Lecturer: [0:04] Describing authentication will largely depend on the way you decide to implement it and will vary from simple JSON responses to mocking the entire request flow, auth tokens, and response cookies. No matter the approach, you can always represent it with MSW.
[0:15] In our application, we have a signing route that renders the authentication form on the client and has a server action to handle form submissions. We will follow Remix's best practices and create, store, and invalidate the user session using cookies. Let's take a closer look at this authentication flow.
[0:32] First, we get the credentials that the user submitted as the requests form data, then we forward them to a third-party endpoint for validation. You can think of this request as a call to the auth provider or a direct REST API call to your database to see if the user exists. If it does, we take the user object returned from the validation response and set it on our session.

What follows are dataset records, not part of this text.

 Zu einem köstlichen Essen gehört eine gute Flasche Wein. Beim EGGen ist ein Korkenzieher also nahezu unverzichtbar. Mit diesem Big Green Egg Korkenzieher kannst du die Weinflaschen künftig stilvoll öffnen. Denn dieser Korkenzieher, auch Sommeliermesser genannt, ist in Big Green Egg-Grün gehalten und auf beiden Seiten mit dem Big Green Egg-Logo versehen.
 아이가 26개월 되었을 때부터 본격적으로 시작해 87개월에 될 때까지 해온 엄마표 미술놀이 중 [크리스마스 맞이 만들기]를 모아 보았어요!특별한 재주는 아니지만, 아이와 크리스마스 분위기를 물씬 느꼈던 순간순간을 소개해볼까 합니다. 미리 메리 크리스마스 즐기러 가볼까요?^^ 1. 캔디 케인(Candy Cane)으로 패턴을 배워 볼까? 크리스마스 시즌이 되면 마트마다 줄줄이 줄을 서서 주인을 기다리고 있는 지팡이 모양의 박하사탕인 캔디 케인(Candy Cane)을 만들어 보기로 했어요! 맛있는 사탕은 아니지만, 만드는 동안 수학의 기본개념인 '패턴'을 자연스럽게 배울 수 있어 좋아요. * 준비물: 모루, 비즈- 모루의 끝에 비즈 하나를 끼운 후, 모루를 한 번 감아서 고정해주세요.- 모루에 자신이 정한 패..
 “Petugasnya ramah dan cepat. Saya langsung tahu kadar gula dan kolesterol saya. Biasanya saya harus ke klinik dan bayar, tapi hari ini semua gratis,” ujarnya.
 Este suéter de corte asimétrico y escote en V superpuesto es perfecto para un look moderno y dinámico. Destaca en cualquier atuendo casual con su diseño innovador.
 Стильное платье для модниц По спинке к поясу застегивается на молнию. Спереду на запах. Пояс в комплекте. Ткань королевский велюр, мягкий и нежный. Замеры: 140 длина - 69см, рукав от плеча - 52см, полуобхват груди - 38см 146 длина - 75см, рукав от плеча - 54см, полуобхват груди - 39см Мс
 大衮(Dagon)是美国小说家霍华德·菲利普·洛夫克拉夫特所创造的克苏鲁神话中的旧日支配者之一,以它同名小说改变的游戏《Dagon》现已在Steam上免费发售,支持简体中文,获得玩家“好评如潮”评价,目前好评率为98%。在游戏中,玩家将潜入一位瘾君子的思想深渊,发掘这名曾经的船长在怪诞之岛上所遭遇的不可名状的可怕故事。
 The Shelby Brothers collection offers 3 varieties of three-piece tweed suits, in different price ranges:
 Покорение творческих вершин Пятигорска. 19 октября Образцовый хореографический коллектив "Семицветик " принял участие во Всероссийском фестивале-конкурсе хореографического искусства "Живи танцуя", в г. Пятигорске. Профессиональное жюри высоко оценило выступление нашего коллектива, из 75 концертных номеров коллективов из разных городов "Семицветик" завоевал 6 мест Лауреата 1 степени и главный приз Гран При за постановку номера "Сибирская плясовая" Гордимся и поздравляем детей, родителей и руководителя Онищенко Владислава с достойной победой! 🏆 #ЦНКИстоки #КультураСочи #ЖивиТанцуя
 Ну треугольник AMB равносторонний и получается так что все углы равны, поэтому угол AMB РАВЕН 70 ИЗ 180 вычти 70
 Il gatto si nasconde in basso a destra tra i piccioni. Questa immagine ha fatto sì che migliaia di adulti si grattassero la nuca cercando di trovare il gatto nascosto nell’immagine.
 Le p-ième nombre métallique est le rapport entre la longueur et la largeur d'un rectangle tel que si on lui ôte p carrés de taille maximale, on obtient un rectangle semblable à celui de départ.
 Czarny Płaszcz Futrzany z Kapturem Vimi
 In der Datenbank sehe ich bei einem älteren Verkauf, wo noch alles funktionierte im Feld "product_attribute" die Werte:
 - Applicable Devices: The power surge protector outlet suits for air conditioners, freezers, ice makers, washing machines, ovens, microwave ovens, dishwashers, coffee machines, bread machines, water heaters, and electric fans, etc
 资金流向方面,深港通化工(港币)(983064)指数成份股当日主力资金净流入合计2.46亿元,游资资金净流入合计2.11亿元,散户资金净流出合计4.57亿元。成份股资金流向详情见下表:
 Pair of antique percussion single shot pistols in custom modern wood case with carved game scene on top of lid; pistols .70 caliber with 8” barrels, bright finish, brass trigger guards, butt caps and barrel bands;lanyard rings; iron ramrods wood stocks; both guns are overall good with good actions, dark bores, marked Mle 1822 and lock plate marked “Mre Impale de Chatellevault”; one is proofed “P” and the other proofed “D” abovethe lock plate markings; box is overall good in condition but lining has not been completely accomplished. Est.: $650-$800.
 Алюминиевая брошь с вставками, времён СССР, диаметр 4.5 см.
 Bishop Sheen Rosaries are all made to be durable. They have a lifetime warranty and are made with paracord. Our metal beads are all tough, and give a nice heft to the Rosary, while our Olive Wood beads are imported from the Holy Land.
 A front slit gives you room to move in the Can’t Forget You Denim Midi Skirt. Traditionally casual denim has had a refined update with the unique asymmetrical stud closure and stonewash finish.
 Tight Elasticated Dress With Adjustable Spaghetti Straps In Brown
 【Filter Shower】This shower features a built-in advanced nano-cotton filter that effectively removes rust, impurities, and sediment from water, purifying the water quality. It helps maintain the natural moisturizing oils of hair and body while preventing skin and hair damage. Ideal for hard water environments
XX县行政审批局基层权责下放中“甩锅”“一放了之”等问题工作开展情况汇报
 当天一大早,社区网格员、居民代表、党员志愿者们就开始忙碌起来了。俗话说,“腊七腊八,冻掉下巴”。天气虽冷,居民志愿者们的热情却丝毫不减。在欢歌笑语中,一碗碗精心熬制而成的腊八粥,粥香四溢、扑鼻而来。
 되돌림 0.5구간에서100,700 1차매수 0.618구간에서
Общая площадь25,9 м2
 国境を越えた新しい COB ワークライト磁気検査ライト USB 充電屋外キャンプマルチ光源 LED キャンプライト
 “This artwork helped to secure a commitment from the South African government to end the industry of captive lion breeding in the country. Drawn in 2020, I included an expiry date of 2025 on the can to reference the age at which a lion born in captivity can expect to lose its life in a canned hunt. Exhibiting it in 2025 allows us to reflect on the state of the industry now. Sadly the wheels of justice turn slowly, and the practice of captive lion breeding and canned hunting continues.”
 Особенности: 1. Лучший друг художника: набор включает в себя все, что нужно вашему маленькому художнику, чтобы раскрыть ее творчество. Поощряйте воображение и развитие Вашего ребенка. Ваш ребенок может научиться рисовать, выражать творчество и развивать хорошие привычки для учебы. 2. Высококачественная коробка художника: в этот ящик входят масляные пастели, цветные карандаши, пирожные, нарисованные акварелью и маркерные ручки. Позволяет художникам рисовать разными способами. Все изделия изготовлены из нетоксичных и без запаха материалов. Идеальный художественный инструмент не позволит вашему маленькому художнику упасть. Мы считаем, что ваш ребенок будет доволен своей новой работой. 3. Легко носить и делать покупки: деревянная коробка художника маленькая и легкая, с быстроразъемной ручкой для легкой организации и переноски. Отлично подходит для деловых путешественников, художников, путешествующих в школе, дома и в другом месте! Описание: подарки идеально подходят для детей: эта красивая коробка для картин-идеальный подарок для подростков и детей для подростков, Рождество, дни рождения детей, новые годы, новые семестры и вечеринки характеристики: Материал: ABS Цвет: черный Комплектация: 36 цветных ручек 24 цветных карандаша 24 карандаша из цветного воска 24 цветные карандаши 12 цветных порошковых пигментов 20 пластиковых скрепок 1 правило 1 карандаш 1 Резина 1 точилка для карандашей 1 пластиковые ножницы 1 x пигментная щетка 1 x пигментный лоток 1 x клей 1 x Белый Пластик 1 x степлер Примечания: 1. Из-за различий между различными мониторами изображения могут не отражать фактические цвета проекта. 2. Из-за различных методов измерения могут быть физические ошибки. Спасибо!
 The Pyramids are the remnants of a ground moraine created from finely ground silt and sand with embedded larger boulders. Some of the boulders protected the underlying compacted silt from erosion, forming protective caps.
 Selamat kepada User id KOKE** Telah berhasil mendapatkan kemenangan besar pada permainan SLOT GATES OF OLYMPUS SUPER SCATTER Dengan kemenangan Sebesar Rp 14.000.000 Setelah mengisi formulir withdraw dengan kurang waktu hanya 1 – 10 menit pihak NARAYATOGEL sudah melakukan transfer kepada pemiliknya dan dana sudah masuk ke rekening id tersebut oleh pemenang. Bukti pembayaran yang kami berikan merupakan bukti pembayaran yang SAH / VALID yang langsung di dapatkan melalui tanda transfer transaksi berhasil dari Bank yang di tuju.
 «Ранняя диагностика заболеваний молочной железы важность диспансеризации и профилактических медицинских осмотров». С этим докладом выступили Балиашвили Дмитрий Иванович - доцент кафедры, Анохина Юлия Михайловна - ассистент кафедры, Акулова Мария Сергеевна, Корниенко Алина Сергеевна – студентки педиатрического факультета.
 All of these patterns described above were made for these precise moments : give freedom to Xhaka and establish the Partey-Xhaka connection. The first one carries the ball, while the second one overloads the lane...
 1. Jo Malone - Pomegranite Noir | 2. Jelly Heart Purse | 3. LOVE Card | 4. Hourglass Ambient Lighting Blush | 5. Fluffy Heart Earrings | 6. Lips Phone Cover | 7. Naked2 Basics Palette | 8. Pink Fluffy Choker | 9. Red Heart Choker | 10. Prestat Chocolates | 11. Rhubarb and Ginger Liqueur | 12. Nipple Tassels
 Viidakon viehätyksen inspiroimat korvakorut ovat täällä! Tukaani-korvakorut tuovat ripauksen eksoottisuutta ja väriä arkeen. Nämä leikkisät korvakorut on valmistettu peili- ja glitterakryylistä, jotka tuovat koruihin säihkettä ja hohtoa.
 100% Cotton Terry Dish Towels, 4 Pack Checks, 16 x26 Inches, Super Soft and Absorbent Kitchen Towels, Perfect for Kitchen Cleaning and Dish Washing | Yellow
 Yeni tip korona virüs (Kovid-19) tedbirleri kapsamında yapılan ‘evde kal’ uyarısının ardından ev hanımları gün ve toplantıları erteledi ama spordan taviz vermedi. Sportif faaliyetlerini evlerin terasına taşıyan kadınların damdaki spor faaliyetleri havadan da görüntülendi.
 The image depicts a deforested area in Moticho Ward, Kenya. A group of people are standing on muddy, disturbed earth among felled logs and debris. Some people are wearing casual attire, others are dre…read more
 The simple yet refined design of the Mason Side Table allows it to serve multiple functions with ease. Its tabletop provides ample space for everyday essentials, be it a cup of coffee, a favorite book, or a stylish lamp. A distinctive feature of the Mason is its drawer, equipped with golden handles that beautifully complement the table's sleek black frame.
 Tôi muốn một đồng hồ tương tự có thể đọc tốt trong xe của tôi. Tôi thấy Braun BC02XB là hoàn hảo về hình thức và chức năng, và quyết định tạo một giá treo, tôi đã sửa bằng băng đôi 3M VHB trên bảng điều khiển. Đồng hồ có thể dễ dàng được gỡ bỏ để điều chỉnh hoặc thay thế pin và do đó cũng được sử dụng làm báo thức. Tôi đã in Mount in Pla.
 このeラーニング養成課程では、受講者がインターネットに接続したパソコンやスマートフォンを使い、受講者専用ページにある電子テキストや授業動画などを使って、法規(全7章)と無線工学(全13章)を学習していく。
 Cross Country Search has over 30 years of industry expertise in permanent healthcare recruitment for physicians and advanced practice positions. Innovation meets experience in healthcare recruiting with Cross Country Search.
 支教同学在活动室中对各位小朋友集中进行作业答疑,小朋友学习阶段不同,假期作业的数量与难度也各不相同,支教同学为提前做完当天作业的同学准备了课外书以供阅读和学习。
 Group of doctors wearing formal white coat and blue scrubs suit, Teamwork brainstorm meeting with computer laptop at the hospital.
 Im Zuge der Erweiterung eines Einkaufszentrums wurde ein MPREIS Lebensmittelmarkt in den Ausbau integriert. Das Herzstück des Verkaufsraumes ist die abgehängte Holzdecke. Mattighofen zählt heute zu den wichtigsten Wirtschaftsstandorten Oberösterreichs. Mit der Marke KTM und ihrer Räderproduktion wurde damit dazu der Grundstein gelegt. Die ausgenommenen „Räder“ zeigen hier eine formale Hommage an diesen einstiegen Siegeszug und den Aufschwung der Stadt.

[1:00] After we've handled errors, we set the session cookie on the response and finish the flow. In a setup like this, controlling authentication comes down to controlling the validation request, so let's do that with MSW. In our handlers, create a new HTTP post handler for the validation endpoint.
[1:16] We are forwarding the request's form data body from the Remix action to this request so we can get the submitted user credentials by reading the intercepted request body as request.formData. Let's grab the user's email and password using the form data's GET method. Next, add the basic input validation to respond with a 400 response if any of the credentials are missing.
[1:49] Finally, send a response to indicate a successful authentication. This response will depend on what the client expects from this endpoint, which in our case is the user object.
[2:00] Now, the validation endpoint will always return this user object and proceed to store it in the cookies, creating a new session once we sign in with any credentials. Since the sign-out route invalidates any present session cookies using Remix, we get the sign-out functionality out of the box, no handlers necessary.